Solution to the problem of unsuccessful matching numbers with “\ \ D” in grep

Time:2020-8-18

First of all, regular expressions are divided into three categories (man grep can see that they are basic regexs, extended regexs, Perl regexs)

Regular expression: in computer science, a single string used to describe or match a series of strings that conform to a certain syntactic rule. In many text editors or other tools, regular expressions are often used to retrieve or replace text content that conforms to a certain pattern. The concept of regular expression was first popularized by UNIX tools such as sed and grep.

1、 Regular expression classification:

1. Basic regular expression (bres)

2. Extended regular expression (eres)

3. Perl regular expression (also known as Perl regex, pres for short)

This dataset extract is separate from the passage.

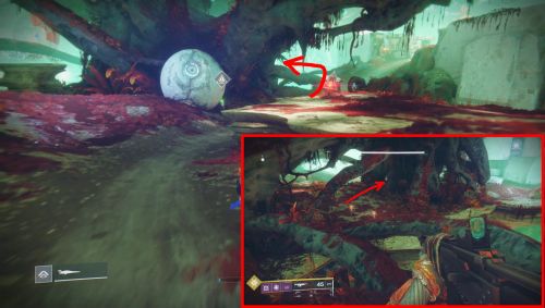 Приземлитесь в «Могиле смотрителя» и следуйте по дороге к «Узлу». Дойдя до развилки, держитесь левой стороны. Пройдите мимо большого каменного шара и прыгните на корни слева. Вам нужно пройти под гигантским деревом – куб парит в корнях.

Note: only by mastering regular expressions, can we fully grasp the usage of common text tools (such as grep, egrep, gunsed, awk, etc.) under Linux

2、 The relationship between common text tools and regular expressions in Linux

It is helpful for us to use regular expressions better by grasping the characteristics of several common text tools under Linux

The features of grep and egrep regular expressions are as follows

1) Grep supports: bres, eres, pres regular expressions

“Bres” is used if the grep directive is not followed by any parameters“

Grep instruction followed by the “- e” parameter indicates that “eres” is to be used“

Grep instruction followed by “- P” parameter indicates that “pres” is to be used

2) Egrep support: eres, pres regular expressions

“Eres” is used if the egrep instruction is not followed by any parameters

The egrep instruction followed by the “- P” parameter indicates that “pres” is to be used

3) Grep and egrep regular matching file, processing file method

a. Grep and egrep processing object: text file

b. The processing of grep and egrep: find whether the “keyword” to be searched in the text file (the keyword can be a regular expression). If there is a “key word” to be searched, the content of the line containing the “key word” in the text file will be returned by default and displayed in the standard output, unless the “>” redirection symbol is used,

c. Grep and egrep process text files by line

Characteristics of SED regular expression

1) Sed text tool support: bres, eres

The SED instruction uses “bres” by default

The SED command parameter “- R” indicates that “eres” is to be used“

2) The function and function of sed

a. Sed processing object: text file

b. Sed processing operation: search, replace, delete and add the contents of the text file

c. Sed also processes text files by line

Characteristics of awk (gawk) regular expression

1) Awk text tool support: eres

The awk instruction uses “eres” by default“

2) The characteristics of awk text tools in dealing with text

a. Awk processing object: text file

b. Awk processing operation: mainly for column operation

3、 Comparison of type regular expressions in common 3

character explain Basic RegEx Extended RegEx python RegEx Perl regEx
Paraphrase \ \ \ \
^ Match the beginning of a line, for example ‘^ dog’ matches a line that begins with a string dog (Note: in awk instructions’ ^ ‘is the beginning of the matching string) ^ ^ ^ ^
$ Match the end of a line, for example: ‘^, dog $’ matches the line ending with the string dog (Note: in awk instruction, ‘$’ is the end of the matching string) $ $ $ $

^$

Match blank lines

^$ ^$ ^$ ^$
^string$ Match rows, for example: ‘^ dog $’ matches rows with only one string dog ^string$ ^string$ ^string$ ^string$
\< Match words, such as’ \ < frog ‘(equivalent to’ \ \ bfrog ‘), matches words that start with frog \< \< I won’t support it Does not support (but you can use the \ \ B to match words, for example: ‘\ bfrog’)

\>

Match words, e.g., ‘Frog \ >’ (equivalent to ‘Frog / B’), match words ending with frog \> \> I won’t support it Does not support (but you can use ‘B’ to match words, e.g. ‘Frog / B’)

\<x\>

Match a word or a specific character, such as’ \ < frog \ > ‘(equivalent to’ \ \ bfrog \ > ‘,’ \ < g \ > ‘ \<x\> \<x\> I won’t support it Does not support (but you can use the ⁃ B ﹣ B ⁃ B ﹣ to match words, such as’ ﹣ bfrog ﹣ B ‘

()

Match expression, e.g. ‘(frog)’ is not supported Not supported (but can use \ (\), e.g. \ (dog \) () () ()

\(\)

Match expression, e.g. ‘(frog)’ is not supported \(\) Not supported (same as ()) Not supported (same as ()) Not supported (same as ())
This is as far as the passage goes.